==== Input data ====
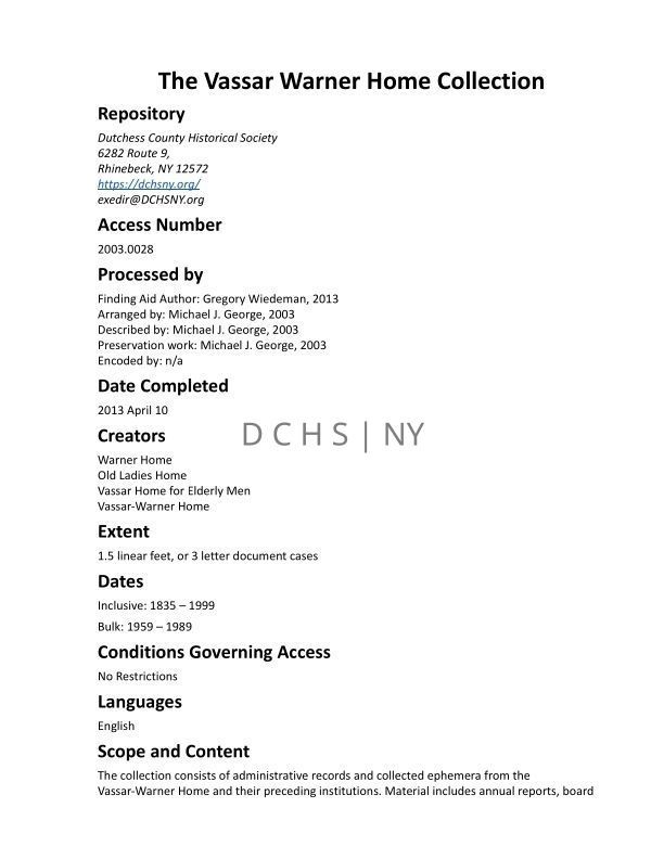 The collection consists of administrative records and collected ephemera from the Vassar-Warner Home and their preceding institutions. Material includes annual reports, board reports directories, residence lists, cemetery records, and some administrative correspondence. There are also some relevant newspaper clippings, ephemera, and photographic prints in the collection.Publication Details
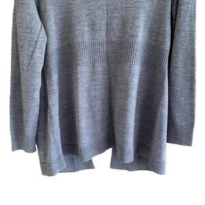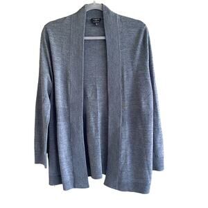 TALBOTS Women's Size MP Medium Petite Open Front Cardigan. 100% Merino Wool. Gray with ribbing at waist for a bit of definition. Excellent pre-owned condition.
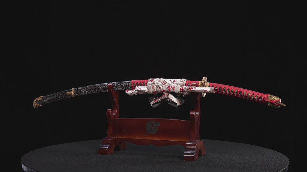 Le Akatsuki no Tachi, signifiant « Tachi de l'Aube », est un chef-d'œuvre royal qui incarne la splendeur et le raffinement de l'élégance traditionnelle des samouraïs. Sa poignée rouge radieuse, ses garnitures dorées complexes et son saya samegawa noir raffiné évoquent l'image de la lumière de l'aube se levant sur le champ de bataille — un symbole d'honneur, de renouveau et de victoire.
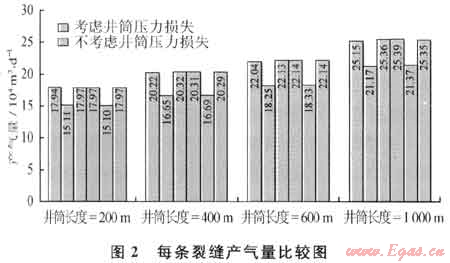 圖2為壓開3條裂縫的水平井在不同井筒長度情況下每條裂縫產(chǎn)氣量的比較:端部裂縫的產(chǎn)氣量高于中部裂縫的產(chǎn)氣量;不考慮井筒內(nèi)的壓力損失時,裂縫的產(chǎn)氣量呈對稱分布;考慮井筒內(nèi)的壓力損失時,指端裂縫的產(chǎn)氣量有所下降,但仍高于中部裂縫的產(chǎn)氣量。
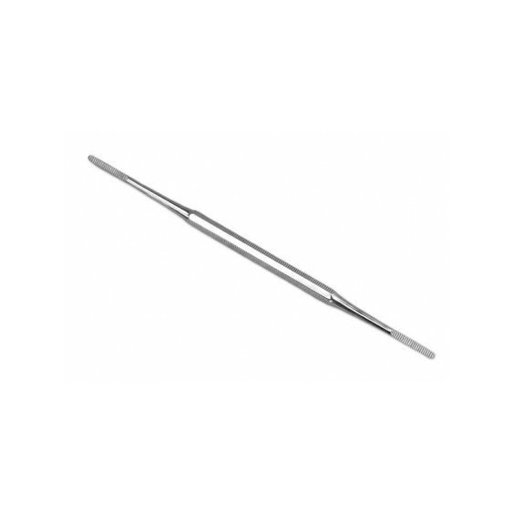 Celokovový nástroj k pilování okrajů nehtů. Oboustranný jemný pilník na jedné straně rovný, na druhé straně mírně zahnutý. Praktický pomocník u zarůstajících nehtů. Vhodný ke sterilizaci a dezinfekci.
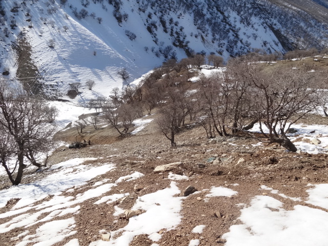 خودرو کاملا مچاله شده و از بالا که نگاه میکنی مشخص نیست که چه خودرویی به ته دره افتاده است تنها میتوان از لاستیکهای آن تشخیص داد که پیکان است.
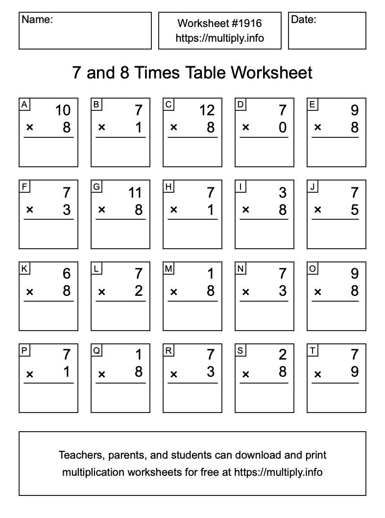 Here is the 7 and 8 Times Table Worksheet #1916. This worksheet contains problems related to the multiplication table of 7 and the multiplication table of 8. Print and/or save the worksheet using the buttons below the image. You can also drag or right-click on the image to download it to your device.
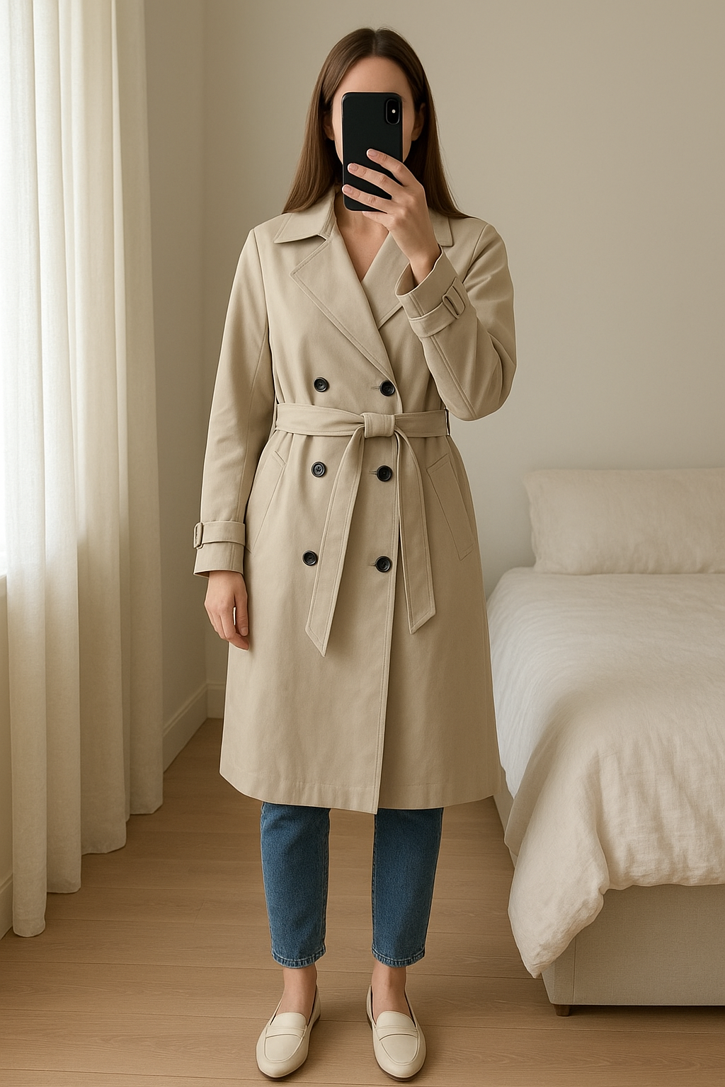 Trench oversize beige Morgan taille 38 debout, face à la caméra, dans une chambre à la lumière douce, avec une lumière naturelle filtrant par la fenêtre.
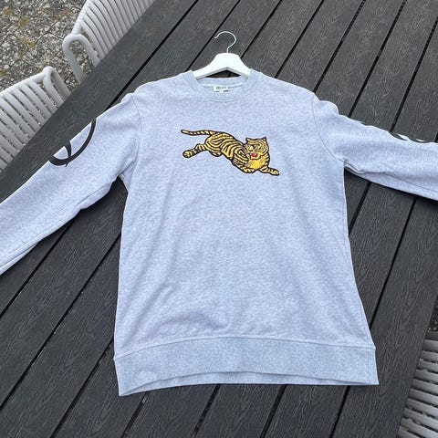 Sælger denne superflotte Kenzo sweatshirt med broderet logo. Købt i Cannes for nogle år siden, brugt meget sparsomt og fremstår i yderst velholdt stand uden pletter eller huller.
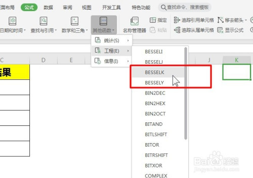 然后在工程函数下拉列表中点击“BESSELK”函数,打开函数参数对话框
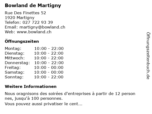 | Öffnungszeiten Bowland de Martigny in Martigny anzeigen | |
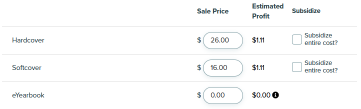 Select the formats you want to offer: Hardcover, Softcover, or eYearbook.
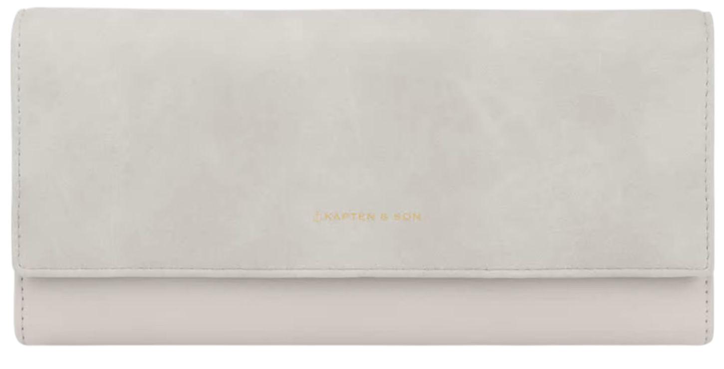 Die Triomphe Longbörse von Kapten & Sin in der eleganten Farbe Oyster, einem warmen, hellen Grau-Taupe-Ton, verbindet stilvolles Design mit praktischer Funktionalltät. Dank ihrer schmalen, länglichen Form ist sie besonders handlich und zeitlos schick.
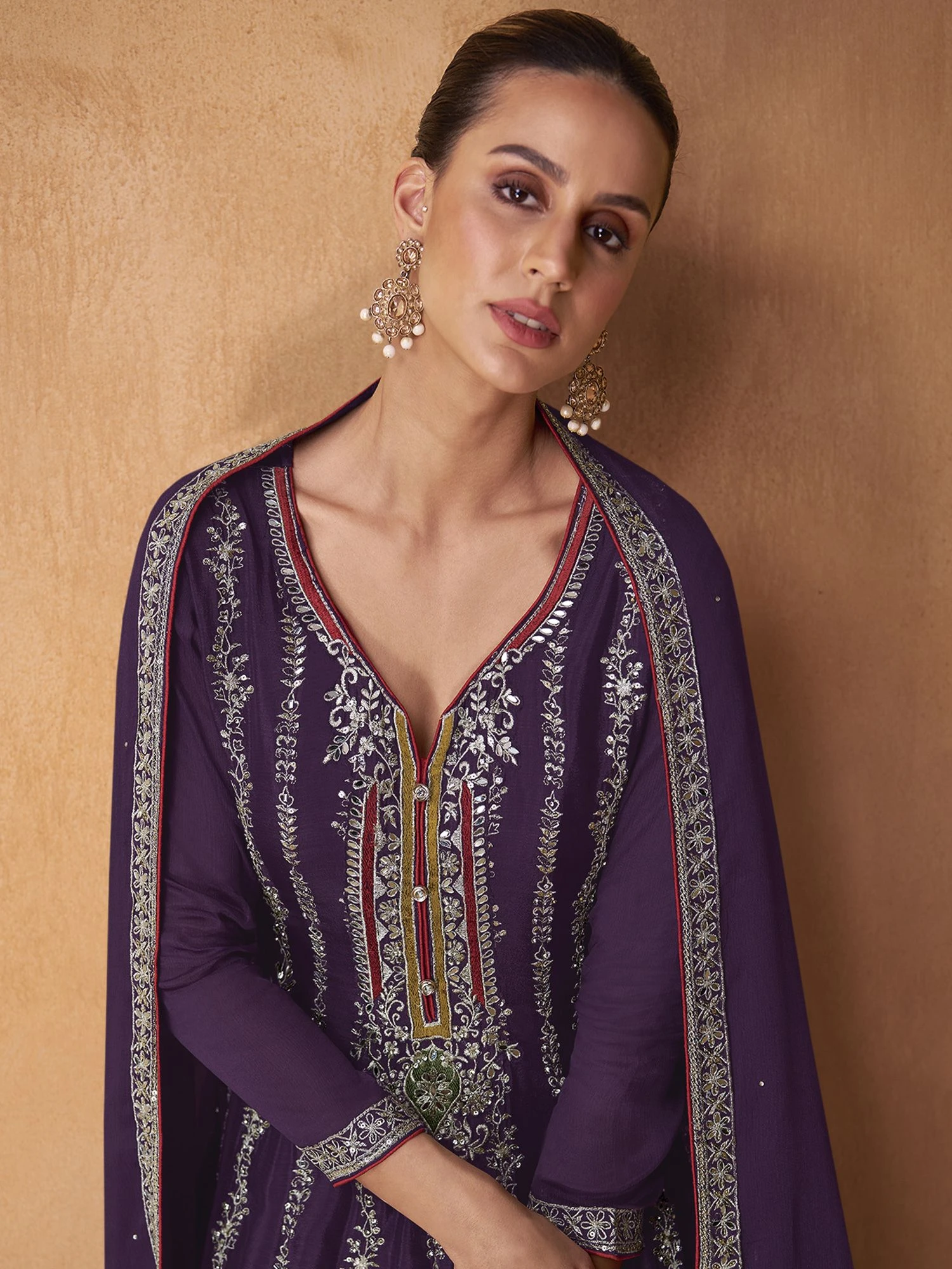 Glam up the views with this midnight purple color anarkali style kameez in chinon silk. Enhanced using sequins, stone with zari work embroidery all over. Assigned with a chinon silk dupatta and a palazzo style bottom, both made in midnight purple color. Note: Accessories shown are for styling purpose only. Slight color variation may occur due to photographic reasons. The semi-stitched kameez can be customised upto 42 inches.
====
Reproduce each record from above exactly; pictures do not belong in the copy.

→ **Task output**:
 The collection consists of administrative records and collected ephemera from the Vassar-Warner Home and their preceding institutions. Material includes annual reports, board reports directories, residence lists, cemetery records, and some administrative correspondence. There are also some relevant newspaper clippings, ephemera, and photographic prints in the collection.Publication Details
 TALBOTS Women's Size MP Medium Petite Open Front Cardigan. 100% Merino Wool. Gray with ribbing at waist for a bit of definition. Excellent pre-owned condition.
 Le Akatsuki no Tachi, signifiant « Tachi de l'Aube », est un chef-d'œuvre royal qui incarne la splendeur et le raffinement de l'élégance traditionnelle des samouraïs. Sa poignée rouge radieuse, ses garnitures dorées complexes et son saya samegawa noir raffiné évoquent l'image de la lumière de l'aube se levant sur le champ de bataille — un symbole d'honneur, de renouveau et de victoire.
 圖2為壓開3條裂縫的水平井在不同井筒長度情況下每條裂縫產(chǎn)氣量的比較:端部裂縫的產(chǎn)氣量高于中部裂縫的產(chǎn)氣量;不考慮井筒內(nèi)的壓力損失時,裂縫的產(chǎn)氣量呈對稱分布;考慮井筒內(nèi)的壓力損失時,指端裂縫的產(chǎn)氣量有所下降,但仍高于中部裂縫的產(chǎn)氣量。
 Celokovový nástroj k pilování okrajů nehtů. Oboustranný jemný pilník na jedné straně rovný, na druhé straně mírně zahnutý. Praktický pomocník u zarůstajících nehtů. Vhodný ke sterilizaci a dezinfekci.
 خودرو کاملا مچاله شده و از بالا که نگاه میکنی مشخص نیست که چه خودرویی به ته دره افتاده است تنها میتوان از لاستیکهای آن تشخیص داد که پیکان است.
 Here is the 7 and 8 Times Table Worksheet #1916. This worksheet contains problems related to the multiplication table of 7 and the multiplication table of 8. Print and/or save the worksheet using the buttons below the image. You can also drag or right-click on the image to download it to your device.
 Trench oversize beige Morgan taille 38 debout, face à la caméra, dans une chambre à la lumière douce, avec une lumière naturelle filtrant par la fenêtre.
 Sælger denne superflotte Kenzo sweatshirt med broderet logo. Købt i Cannes for nogle år siden, brugt meget sparsomt og fremstår i yderst velholdt stand uden pletter eller huller.
 然后在工程函数下拉列表中点击“BESSELK”函数,打开函数参数对话框
 | Öffnungszeiten Bowland de Martigny in Martigny anzeigen | |
 Select the formats you want to offer: Hardcover, Softcover, or eYearbook.
 Die Triomphe Longbörse von Kapten & Sin in der eleganten Farbe Oyster, einem warmen, hellen Grau-Taupe-Ton, verbindet stilvolles Design mit praktischer Funktionalltät. Dank ihrer schmalen, länglichen Form ist sie besonders handlich und zeitlos schick.
 Glam up the views with this midnight purple color anarkali style kameez in chinon silk. Enhanced using sequins, stone with zari work embroidery all over. Assigned with a chinon silk dupatta and a palazzo style bottom, both made in midnight purple color. Note: Accessories shown are for styling purpose only. Slight color variation may occur due to photographic reasons. The semi-stitched kameez can be customised upto 42 inches.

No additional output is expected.